Monday, Jun. 12, 1950
Heading for Hell?
In 1933, sparked by Guest Speaker Cyril Edwin Mitchinson Joad,* a bearded, posturing professional pundit, the famed old Oxford Union voted 275 to 153 "that under no circumstances will we fight for King and Country." When graduate members, led by Winston Churchill's choleric son Randolph, tried to expunge this from the record, they were swamped 750 to 138. In his history of World War II, Winston Churchill somberly wrote: "It was easy to laugh off such an episode in England, but in Germany, in Russia, in Italy, in Japan, the idea of a decadent, degenerate Britain took deep root and swayed many calculations."
Last week ex-Pacifist Joad and Randolph Churchill squared off over another provocative union resolution: "That this House regrets the influence exercised by the U.S. as the dominant power among the democratic nations."
"Money is the sole American standard of value," said Joad. "The nations are heading for hell and it is America which is leading us there . . . [American influence] corrupts, infects and pollutes whatever it touches." Angry shouts of "Shame!" greeted Joad's remark, "What a genius the Americans have for coming into a war late, on the winning side."

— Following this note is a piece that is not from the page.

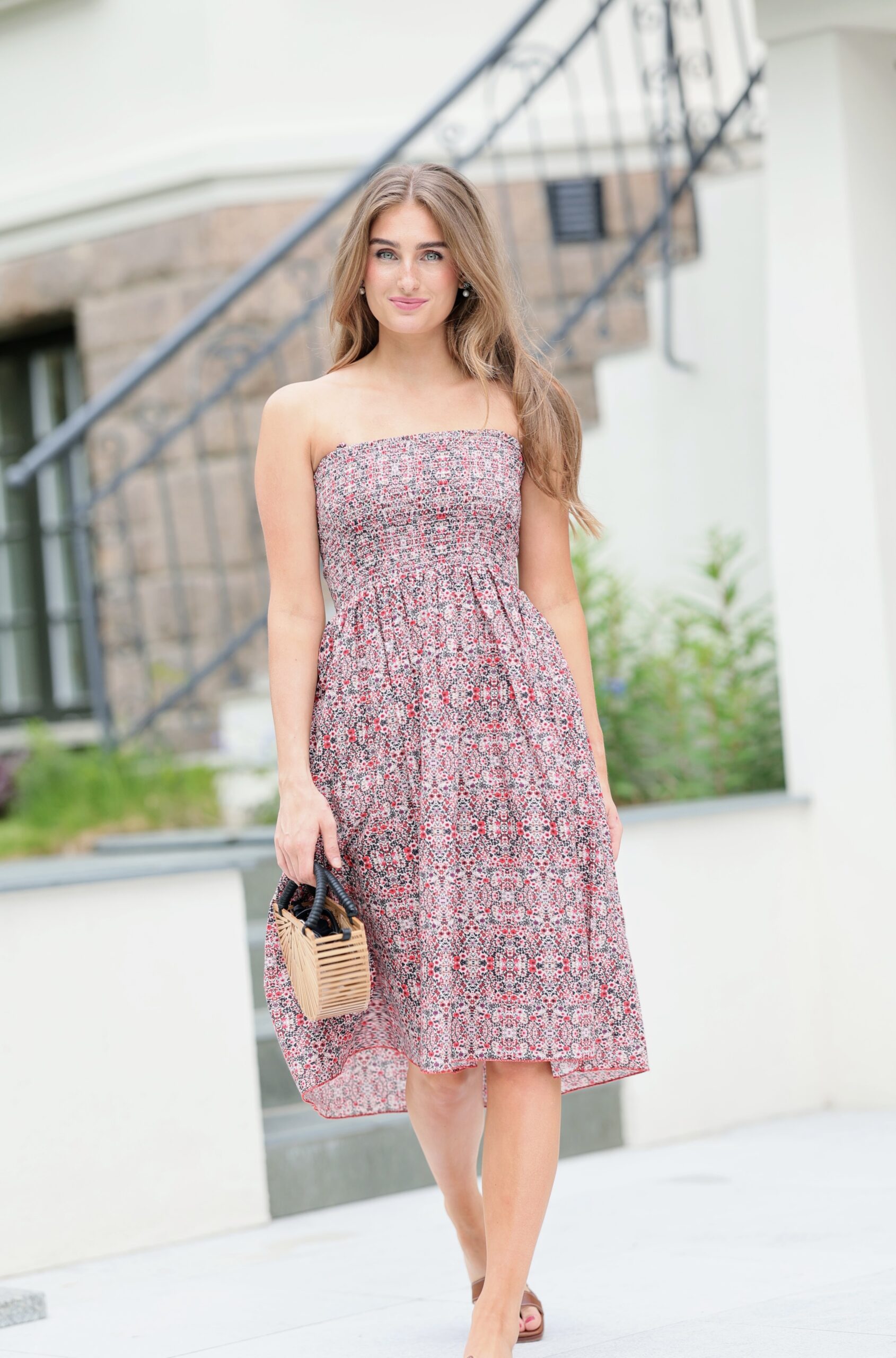 Båndene kan puttes inn i kjolen, så den kan brukes som tubekjole eller når den brukes som skjørt. Kjolen går til rett nedenfor knærne. Dette er den perfekte feriekjolen. Bare stapp den nedi kofferten og vit at du har en kjole for enhver anledning. Bruk den med en liten cardigan eller sjal på kvelden, så har du lett en kjole fra dag til kveld.

Other shouts drowned out Randolph when he said, "Back the professor comes after 17 years, with his rotten advice, trying to lure yet another generation along the wrong path." Union President Robin Day rang the bell for silence, but Randolph soon brought another uproar by saying, "It may be just a joke for the professor, this third-class Socrates,* [but he] is corrupting, infecting and polluting the good relations between Britain and the U.S."
The undergraduate debaters were also vituperative. Said young Socialist Dick Taverne: "American culture is a cheapening and degrading force . . . American politics are a poor advertisement for democracy; [and the] economic influence exercised by America is a disturbing force in the world ... I see in [America] no spiritual resources to raise her civilization above the level of the common business man."
Howard E. Sherman, the only American undergraduate who took part in the debate, asked, "Since money for money's sake is an old-established Puritan principle of English origin, is not the honorable member from Balliol [Joad] regretting an influence which England gave America and which England is now getting back?"
But when the shouting died down and the vote was taken, Joad won again, 227 to 179.
* Since 1930 Joad, professor of philosophy at London University, has publicly advocated agnosticism, polygamy, suicide, Manichaeanism, Christianity, rationalism, dualism, pacifism, appeasement, intervention, Oswald Mosley, Socialism, anti-Zionism, gambling, Jane Russell's bosom and better British cooking.
*A thrust at Joad's third-class travel on a British train without buying a ticket, which brought him a court conviction in 1948.